When we talk about the ‘big league’ of metalcore, we don’t necessarily mean the best bands in the genre, but the bands who can get crowds moving en masse. At a time when Parkway Drive arena shows are an inevitability and Architects, While She Sleeps and Bury Tomorrow are treading a similar path, seeing who’s next in line is always an exciting prospect. With their second album ‘Deadweight’, Floridian quintet Wage War throw their name into the hat.
Like their 2015 debut ‘Blueprints’, size matters when it comes to the songwriting arrangements on ‘Deadweight’. The riffs are big, the choruses are big, the breakdowns are big. Conjoined opening tracks ‘Two Years’ and ‘Southbound’ put these values at the forefront of the music, even ending with a massive ‘woah’ chant section.
To Wage War’s advantage, their penchant for massiveness brings an ability to write some of the catchiest choruses in modern metalcore, with ‘Don’t Let Me Fade Away’ and ‘Indestructible’ providing guaranteed earworms. While the all out fury that defines ‘Disdain’ and the record’s title track comes through organically thanks to the delivery of vocalist Briton Bond, who has the same believability when singing as The Ghost Inside’s Jonathan Vigil.
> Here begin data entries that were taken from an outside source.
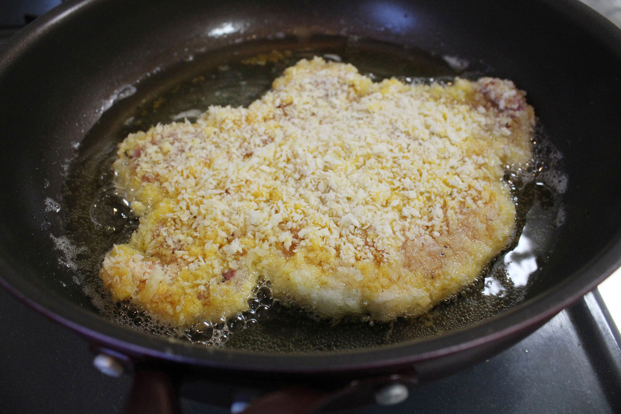 フライパンで揚げることのメリットは少ない油で揚げられること。なかでも特に向いているのが、薄くて大きい食材の調理なのではないでしょうか。そんな仮説をもとにカツレツを作ってみます。
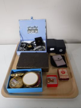 A tray containing two boxed gents Sekonda wrist watches, lighters, pen knives, ladies compacts, cased manicure set, etc
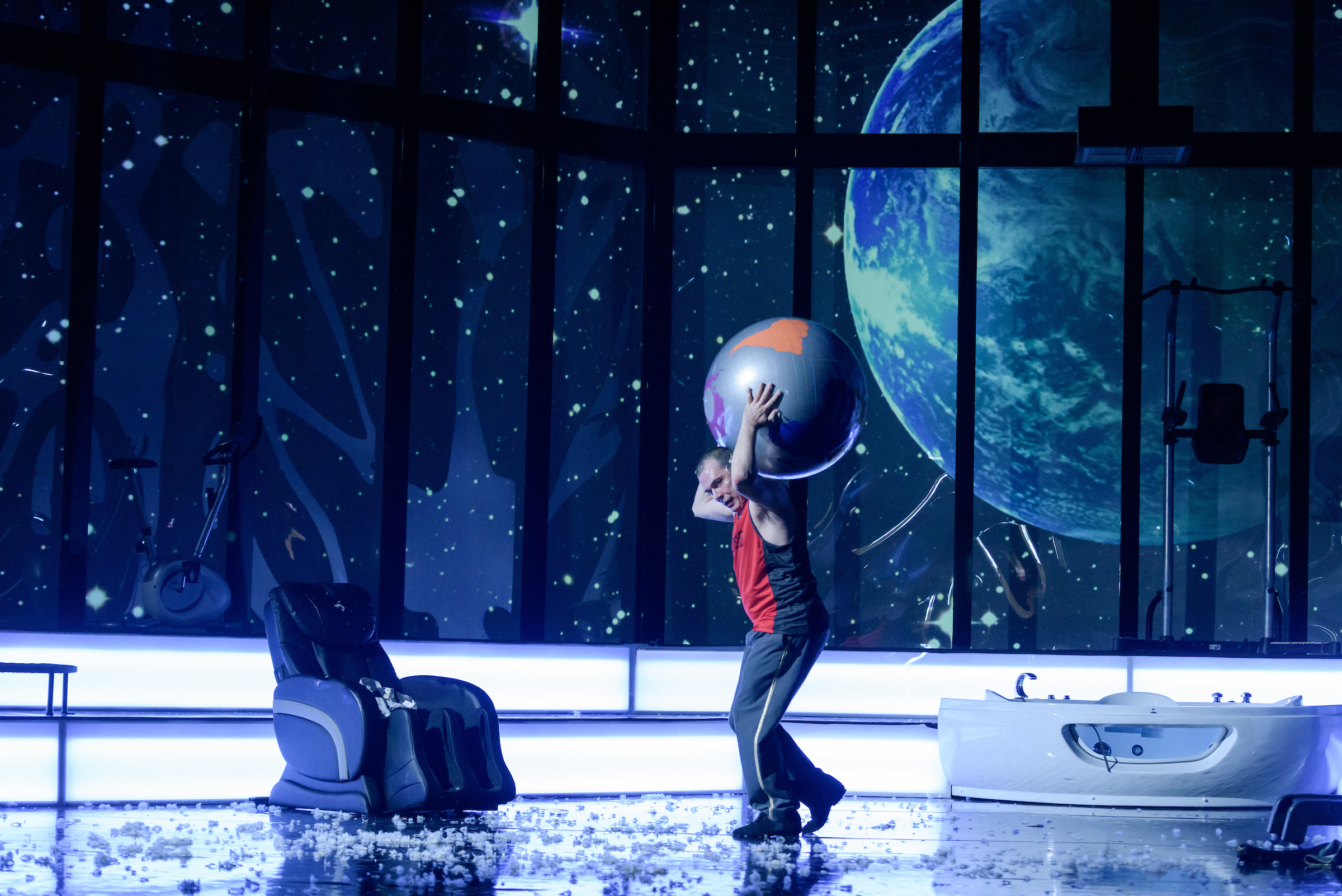 Magávalragadó dinamikája, frenetikus zenéje és futurisztikusan hig-tech díszlete tetőzte Moliére jólismert humorát. Még nem láttam Bács Miklóst ennyire rászabott szerepben. Mert a szemtelenül gazdag, nagyképű és nagyszájú Jourdain úr szerepe remekül illett alkatához és hangorgánumához.

While ‘Deadweight’ does revolve around a winning formula, at 12 tracks, it does become repetitive and lesser album tracks like ‘Gravity’ and ‘Never Enough’ mar the impact of the real bangers on offer, while closer ‘Johnny Cash’ meanders through swathes of atmospheric textures without really going anywhere.
Nevertheless, ‘Deadweight’ is a well-made album with crossover appeal in the metalcore sub-genre. There’s enough aggression and pace for underground hardcore fans to sink their teeth into, while one could also picture their choruses gaining new fans on a Five Finger Death Punch support slot. Wage War aren’t in that category of ‘big’ metalcore bands yet, but they’re moving in the right direction.
3.5/5
‘Deadweight’ by Wage War is released on 4th August on Fearless Records.